This is stolen borrowed from a recent article in the Examiner of nearby Salt Lake. I just found it so hilarious that I needed to share it.
The 50 Best Author vs. Author Put Downs of All time
“With the single exception of Homer, there is no eminent writer, not even Sir Walter Scott, whom I can despise so entirely as I despise Shakespeare….” – George Bernard Shaw
“Every time I read [Jane Austen’s] ‘Pride and Prejudice,’ I want to dig her up and hit her over the skull with her own shin-bone.” – Mark Twain
“If it were thought that anything I wrote was influenced by Robert Frost, I would take that particular work of mine, shred it, and flush it down the toilet, hoping not to clog the pipes.” – James Dickey
“I can’t read ten pages of [John] Steinbeck without throwing up.” – James Gould Cozzens
1. Ernest Hemingway, according to Vladimir Nabokov (1972)
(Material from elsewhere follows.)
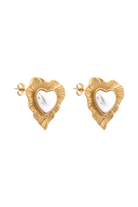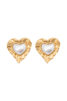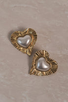 The HEART TO HEART Pearl Earrings are a perfect blend of romance and sophistication. Featuring gold organic heart shapes with a textured finish, these earrings are accented by delicate pearl hearts for a touch of charm. Designed with a stud post and butterfly back, they ensure a secure and comfortable fit. Perfect for adding a romantic touch to any outfit, these earrings are a must-have for your jewelry collection.

As to Hemingway, I read him for the first time in the early ‘forties, something about bells, balls and bulls, and loathed it.
2. Miguel Cervantes’ Don Quixote, according to Martin Amis (1986)
Reading Don Quixote can be compared to an indefinite visit from your most impossible senior relative, with all his pranks, dirty habits, unstoppable reminiscences, and terrible cronies. When the experience is over, and the old boy checks out at last (on page 846 — the prose wedged tight, with no breaks for dialogue), you will shed tears all right; not tears of relief or regret but tears of pride. You made it, despite all that ‘Don Quixote’ could do.
3. John Keats, according to Lord Byron (1820)
Here are Johnny Keats’s p@# a-bed poetry…There is such a trash of Keats and the like upon my tables, that I am ashamed to look at them.
4. Edgar Allan Poe, according to Henry James (1876)
An enthusiasm for Poe is the mark of a decidedly primitive stage of reflection.
5. John Updike, according to Gore Vidal (2008)
I can’t stand him. Nobody will think to ask because I’m supposedly jealous; but I out-sell him. I’m more popular than he is, and I don’t take him very seriously…oh, he comes on like the worker’s son, like a modern-day D.H. Lawrence, but he’s just another boring little middle-class boy hustling his way to the top if he can do it.
6. William Shakespeare’s A Midsummer Night’s Dream, according to Samuel Pepys (1662)
…we saw ‘Midsummer Night’s Dream,’ which I had never seen before, nor shall ever again, for it is the most insipid ridiculous play that ever I saw in my life.
7. Edward Bulwer-Lytton, according to Nathaniel Hawthorne (1851)
Bulwer nauseates me; he is the very pimple of the age’s humbug. There is no hope of the public, so long as he retains an admirer, a reader, or a publisher.
Read the whole thing if you want to…
As for me, I think there’s a valuable lesson to be learned here. And that is, “Hater’s hate. Losers lose. Winners usually win for a reason, and the truly classy only criticize the living.”